Perguntará o leitor menos conhecedor das questões
técnicas inerentes às emissões de rádio: mas não seria mais fácil
emitir directamente da Alemanha para os países do outro lado da cortina
de ferro? Seria, mas teria uma eficácia reduzida: devido à distância
relativamente reduzida de Munique aos países visados, as ondas passavam
literalmente por cima do território a cobrir de sinal e a rádio não se
ouvia bem onde se devia fazer ouvir. A geografia favorável aliada às
boas relações diplomáticas entre o regime ditatorial implementado em
Portugal e os Estados Unidos levaram o então presidente do conselho,
Oliveira Salazar, a permitir a instalação de um centro emissor da Rádio
Europa Livre, na condição de se tratar de um mero retransmissor dos
programas emitidos a partir de Munique, não sendo permitida a
realização de programas em Portugal. Daí a designação RARET (Rádio
Retransmissão).
Devido às características da propagação das ondas
nas faixas de Onda Curta, Portugal situava-se numa localização
favorável às emissões da Rádio Europa Livre para o Leste europeu.

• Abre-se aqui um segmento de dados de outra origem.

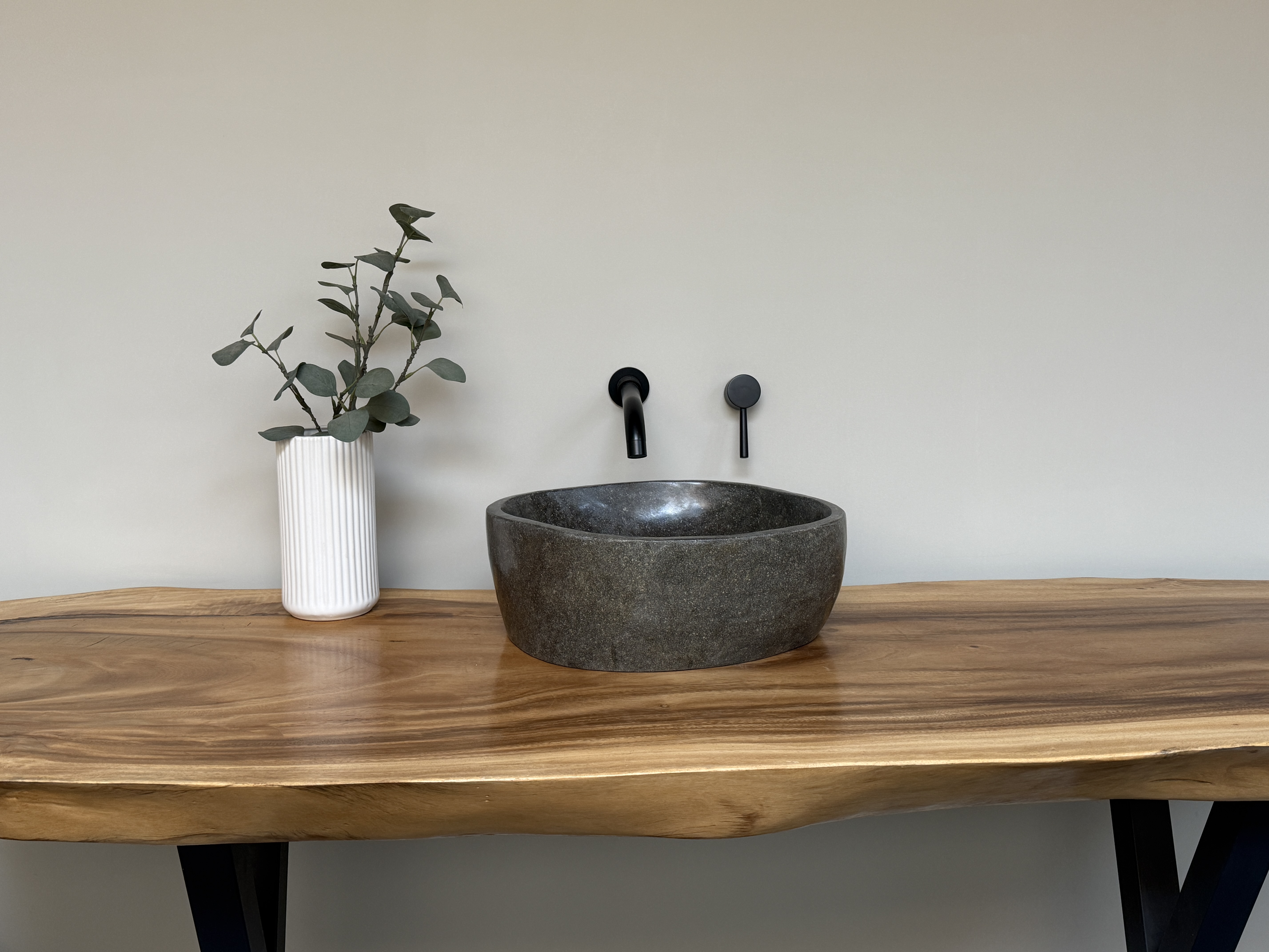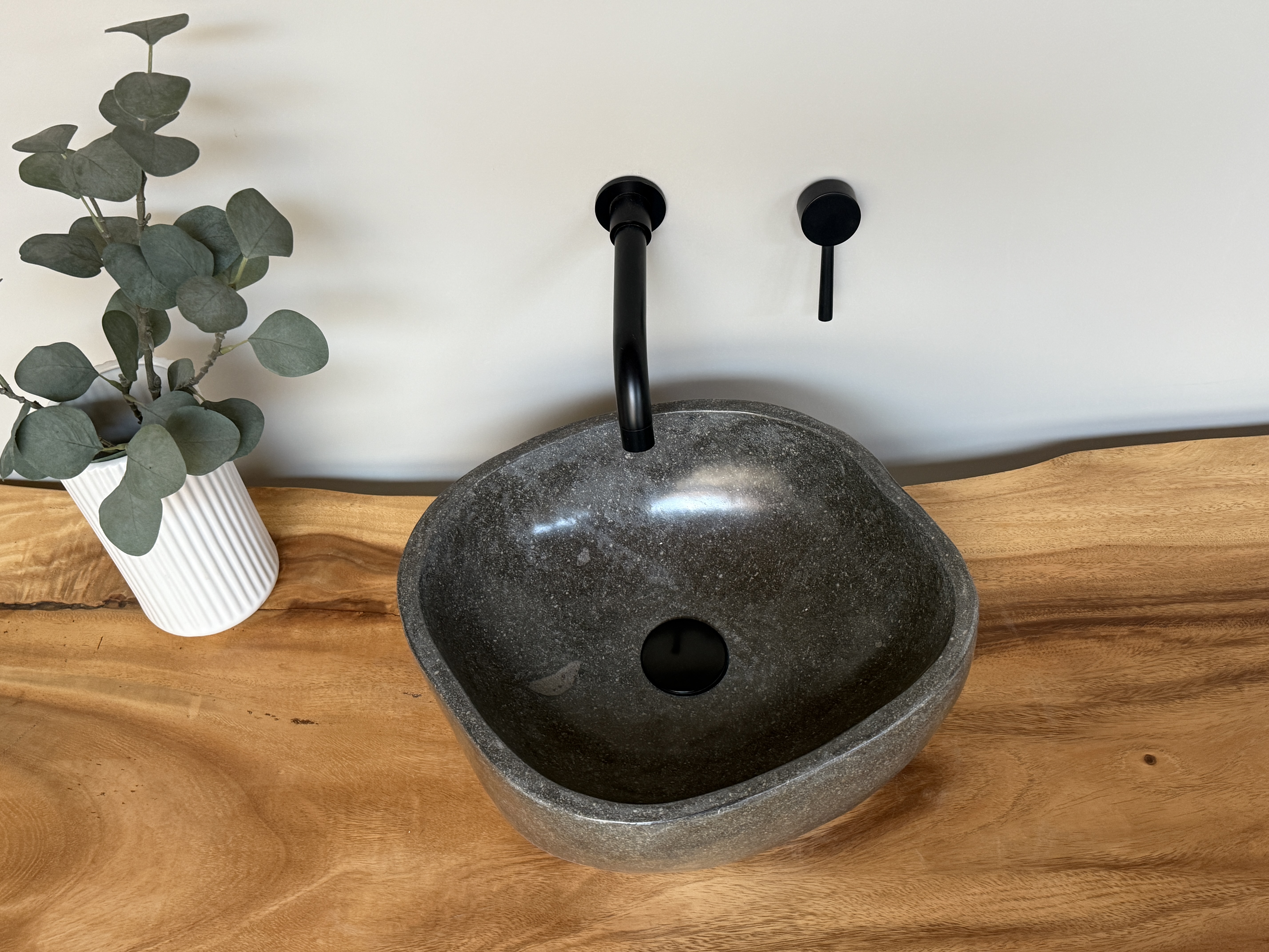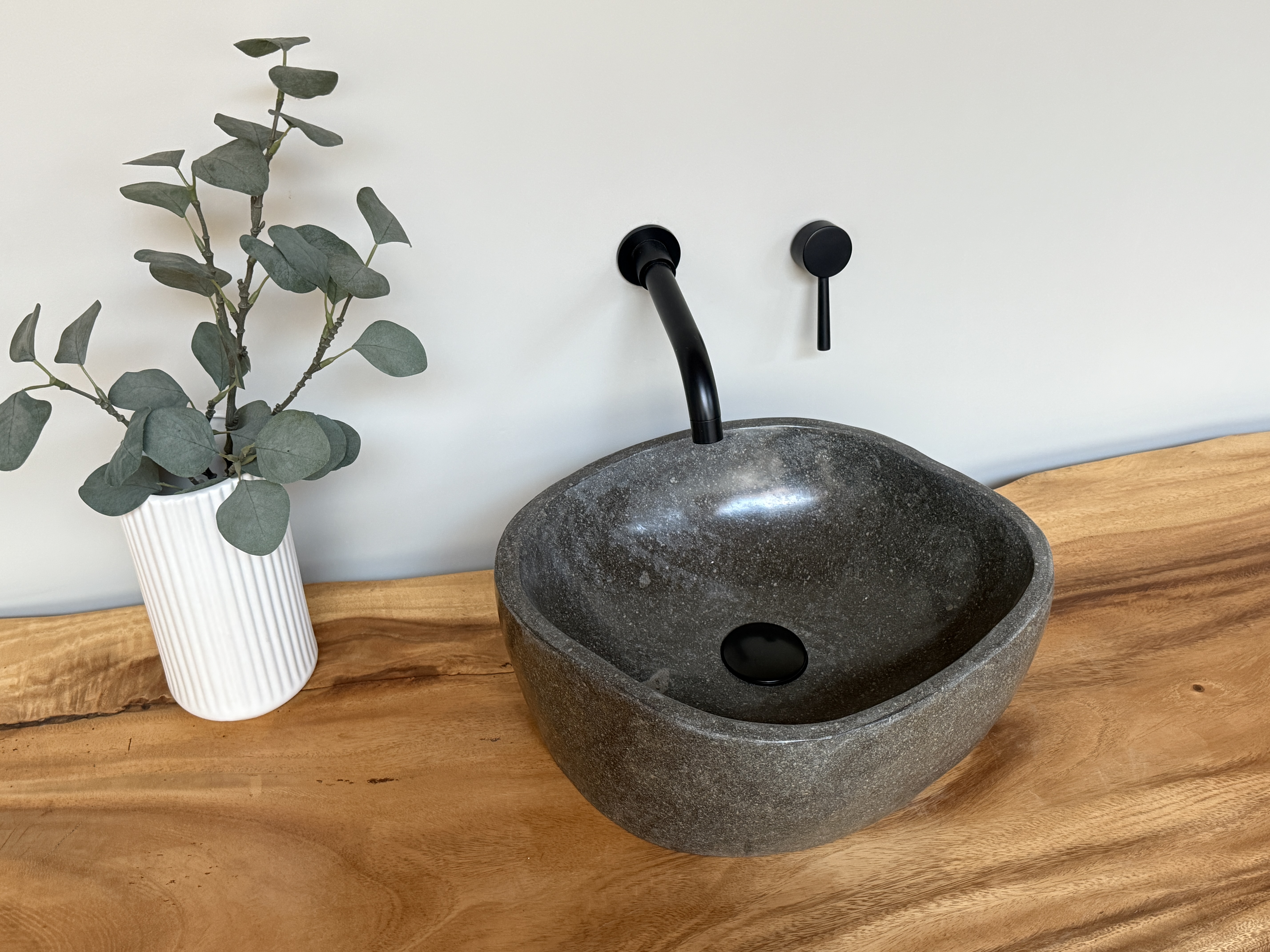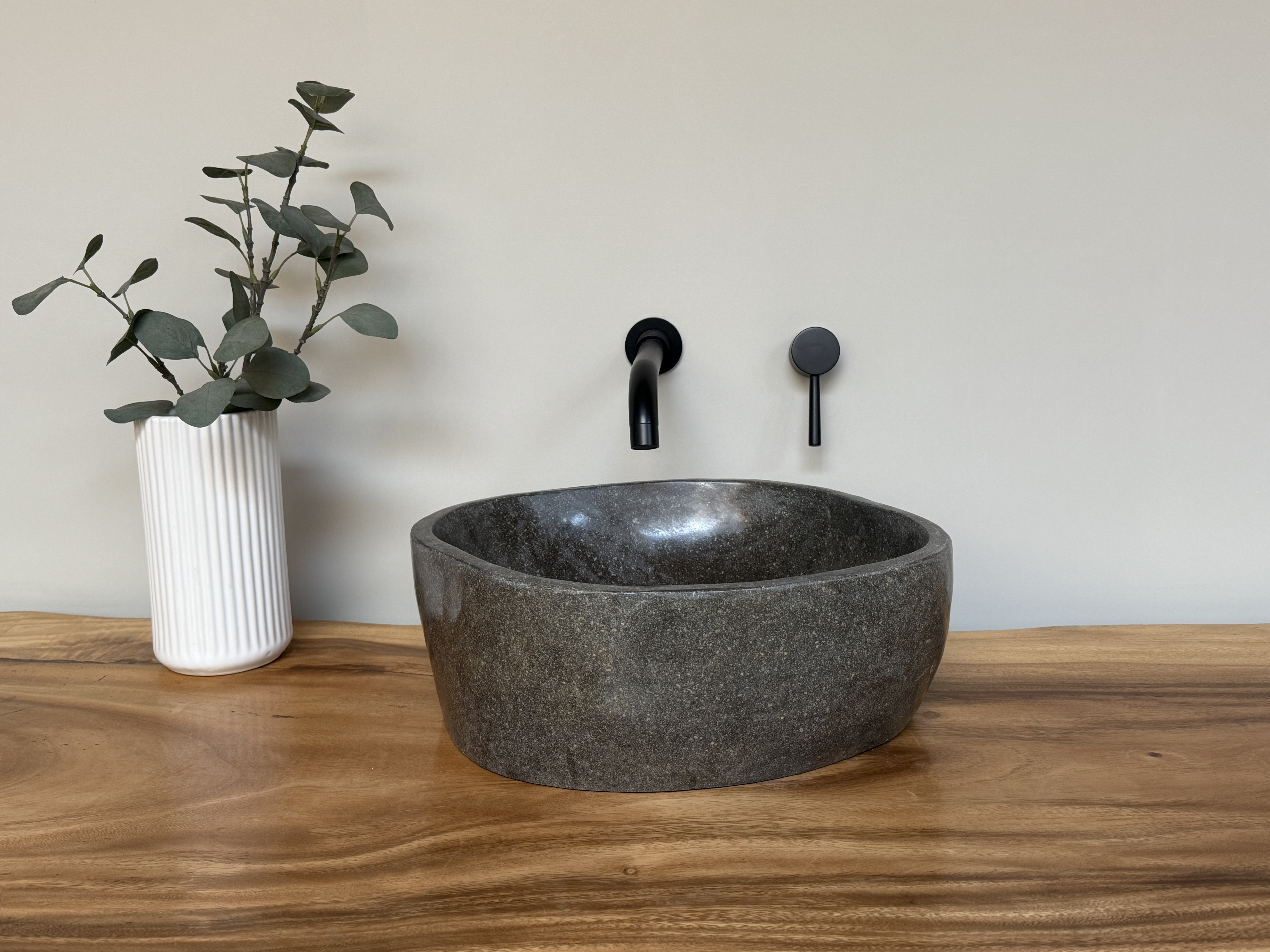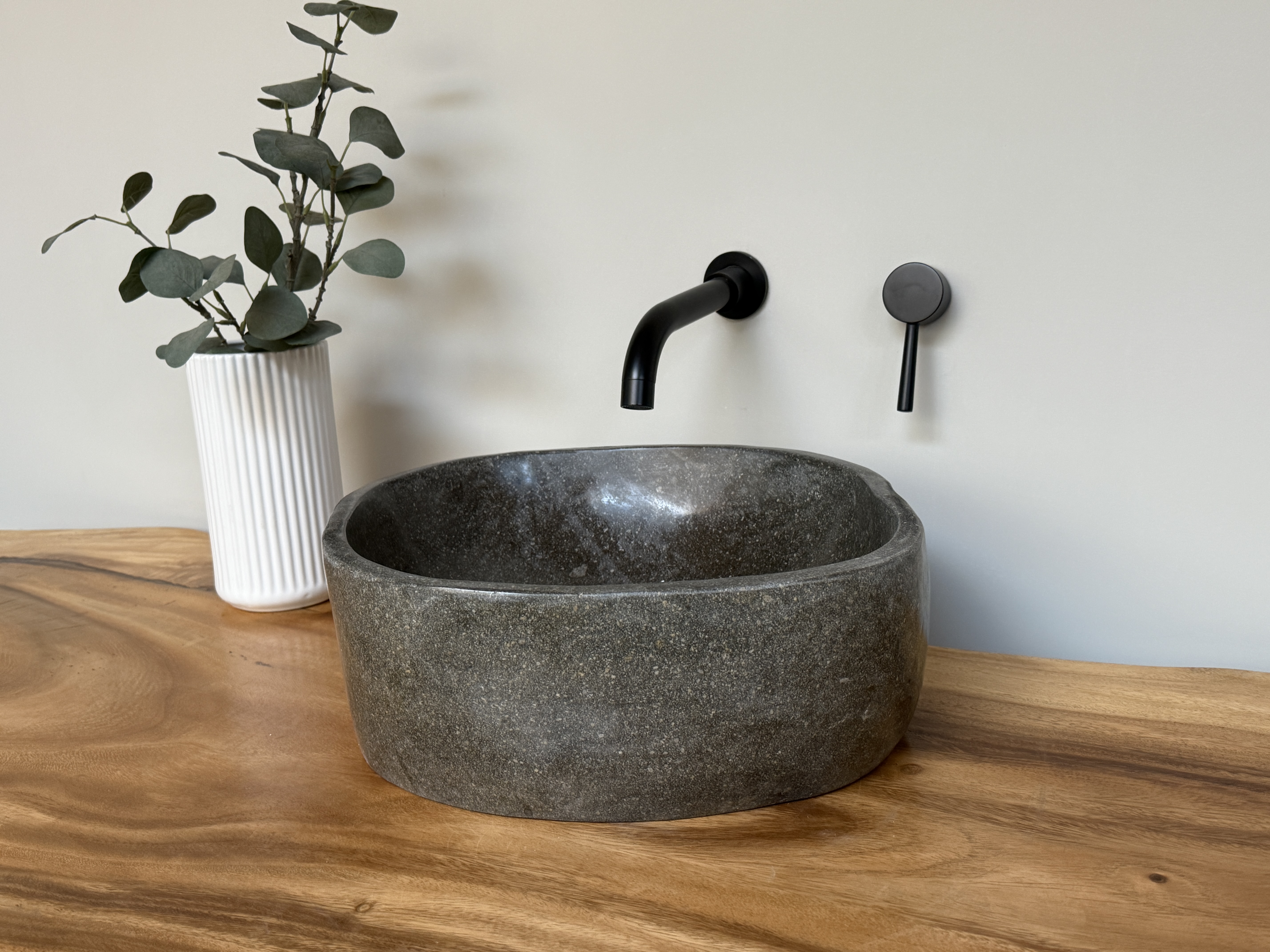 Nach einem Jahrzehnt langen Weg durch die Flüsse Indonesiens, rund gewaschen von der Strömung des Wassers, kommt es nun direkt zu dir in dein Badezimmer. Unterschiede in der Form, Farbgebung, Schattierung und Struktur sind Zeichen für die Individualität eines Waschbeckens aus Flussstein.
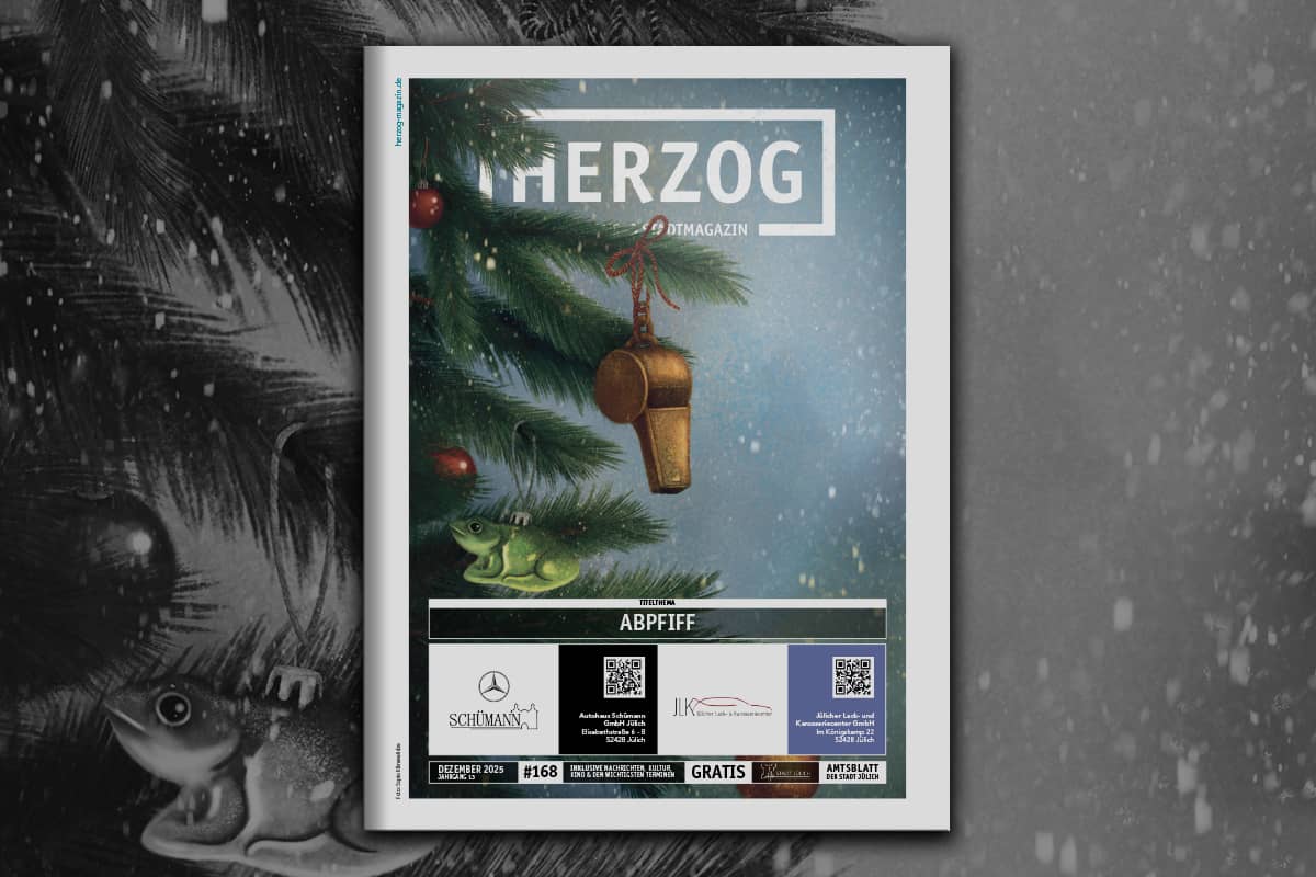 Abpfiff! Während einige mit Flötentönen die Weihnachtszeit verkürzen, pfeifen andere in Vorbereitungen auf das Fest auf dem letzten Loch. So wie so geht das Jahr seinem Ende zu. Mit all den unterschiedlichen Aspekten hat sich das TeamHERZOG beschäftigt. Während die Herolde – ihnen gilt bei den unfreundlichen Witterungen wieder unser Dank ! – die Ausgabe Dezember im Jülicher Land in die Haushalte bringen, darf die geneigte Leserschaft sich auf folgende Themen freuen:
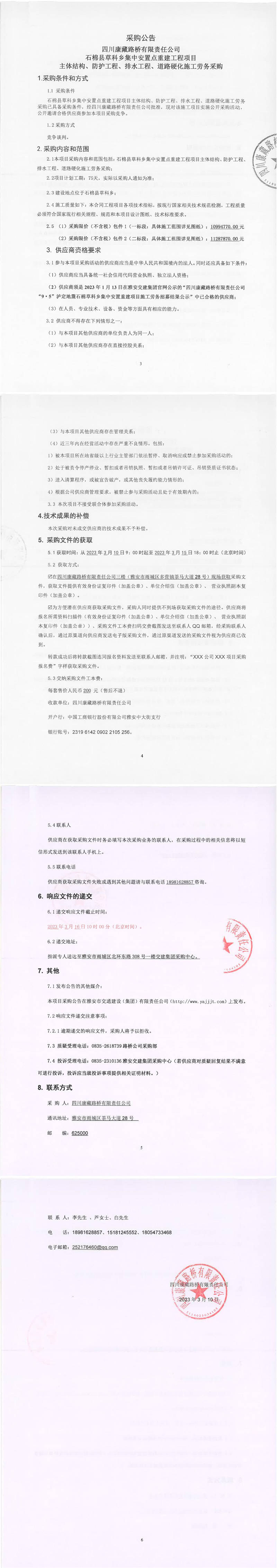 四川康藏路橋有限責(zé)任公司石棉縣草科鄉(xiāng)集中安置點重建工程項目主體結(jié)構(gòu)、防護(hù)工程、排水工程、道路硬化施工采購公告
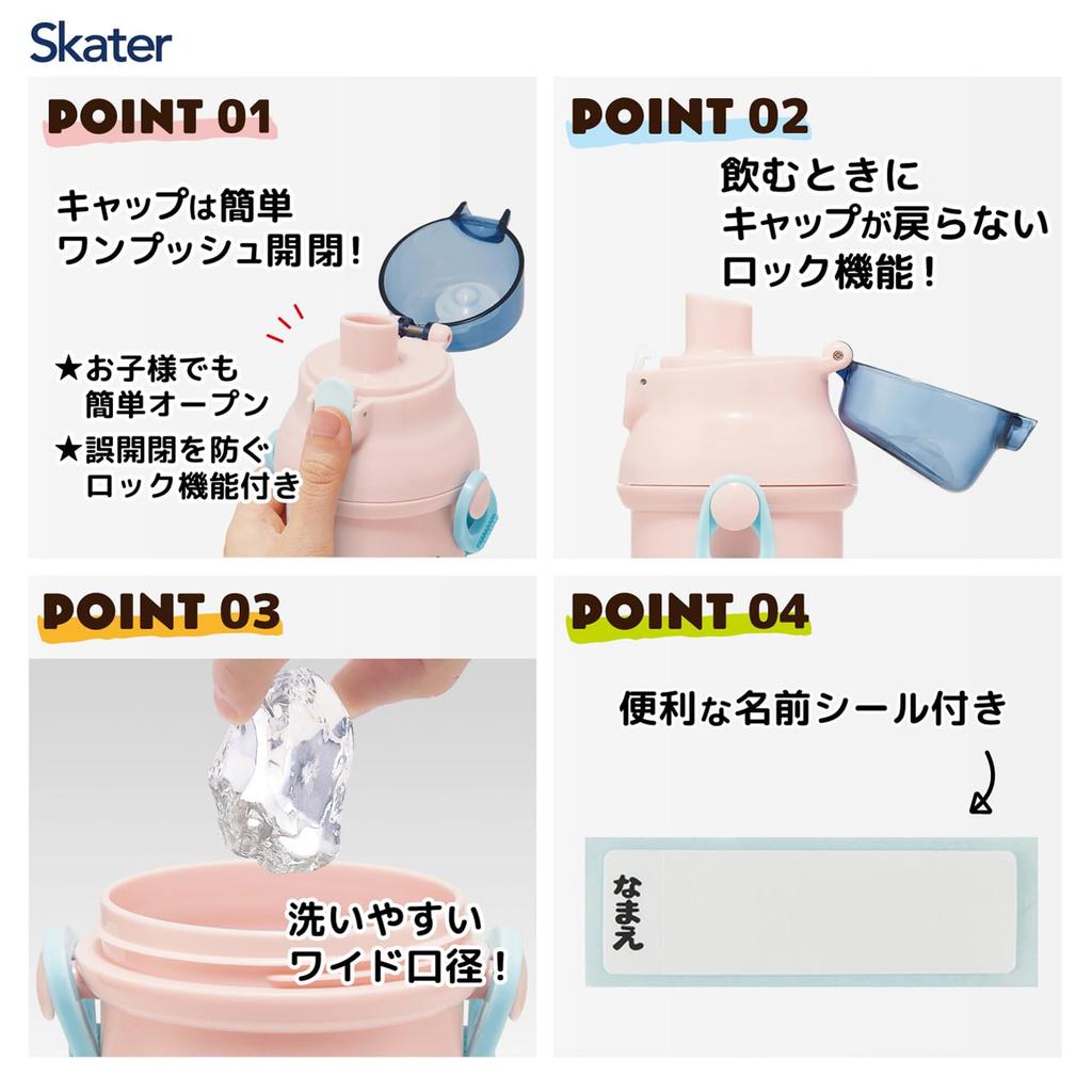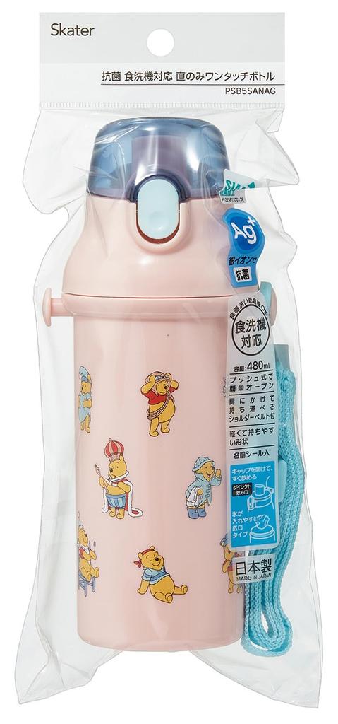 Skater Пластиковая бутылка для воды 480 мл Открывание одним нажатием Антибактериальная Безопасная для детей Легкая Антибактериальная обработка Сделано в Японии Дисней Винни-Пух

Explicando grosso modo, as ondas curtas que saíam de Glória do Ribatejo
atingiam a
ionosfera,
uma região de camadas da ionosfera que reflecte ondas de rádio, e eram
reflectidas na direcção dos países de Leste. Fazendo uma analogia,
seria como se cada antena de emissão fosse uma lanterna construída de
forma a que os raios de luz viajassem até ao céu, onde seriam
reflectidos de volta para a Terra por um espelho, iluminando uma área
geográfica distante.
À época, nas décadas de 50 e 60, não havia ainda
comunicações via satélite - e muito menos Internet. A solução para que
os programas produzidos em Munique chegassem a Portugal era
transmiti-los em Onda Curta. Assim, a RARET dispunha de um centro de
recepção na Maxoqueira, no concelho de Benavente, onde as emissões
provenientes da Alemanha eram sintonizadas e gravadas em bobine para
posterior retransmissão a partir de Glória do Ribatejo. Spoiler: quem
viu o primeiro episódio da série, sabe que uma certa bobine não chegou
ao destino...
Como os técnicos portugueses não falavam russo ou
qualquer outra língua da Europa de Leste, havia tradutores na
Maxoqueira para verificar se o sinal recebido era o correcto e não um
qualquer sinal da Rússia destinado a interferir de forma deliberada a
Rádio Europa Livre. Não raras vezes, os técnicos da Maxoqueira tinham
de pedir a Munique para transmitir noutra frequência devido à
interferência dos russos. A RARET tinha os escritórios principais em
Lisboa, onde também havia tradutores para editarem os programas vindos
da Alemanha antes de serem enviados para Glória do Ribatejo. Era,
aliás, possível, transmitir o áudio entre Lisboa e Glória por via
hertziana.
Voltando à Maxoqueira, o centro de recepção estava
equipado com antenas apontadas à Alemanha e receptores especiais (os
primeiros foram os Hammarlund SP-600, aparelhos profissionais
caríssimos na época), que sintonizavam, em
Banda Lateral Única,
as emissões germânicas em várias línguas, sendo um programa transmitido
na Banda Lateral Superior e outro na Banda Lateral Inferior. Por se
tratarem de emissões em bandas laterais independentes, não eram bem
captados num vulgar rádio de trazer por casa, com Onda Curta e Banda
Lateral Única; era necessário recorrer a receptores com filtros de
banda lateral de qualidade superior.
No complexo de Glória do Ribatejo, havia várias
antenas rômbicas de emissão orientadas na direcção do Leste europeu e,
no edifício, os emissores propriamente ditos (além de outros
equipamentos).
Por falar em antenas, note-se que, quer as antenas
na Glória do Ribatejo, quer as da Maxoqueira, foram desmanteladas, pelo
que os cenários exteriores (e alguns interiores) supostamente da RARET
que aparecem na série são, na verdade, do (infelizmente desactivado
desde meados do ano de 2011) Centro Emissor de Onda Curta (CEOC) da
RTP, próximo de Canha e de Pegões, no concelho do Montijo. Para quem
tentar fazer turismo radiofónico pelo Ribatejo, convém atentar ao facto
de a Rádio Renascença ter uma antena (desactivada) de Onda Média em
Muge, que não deve ser confundida com uma qualquer antena da RARET.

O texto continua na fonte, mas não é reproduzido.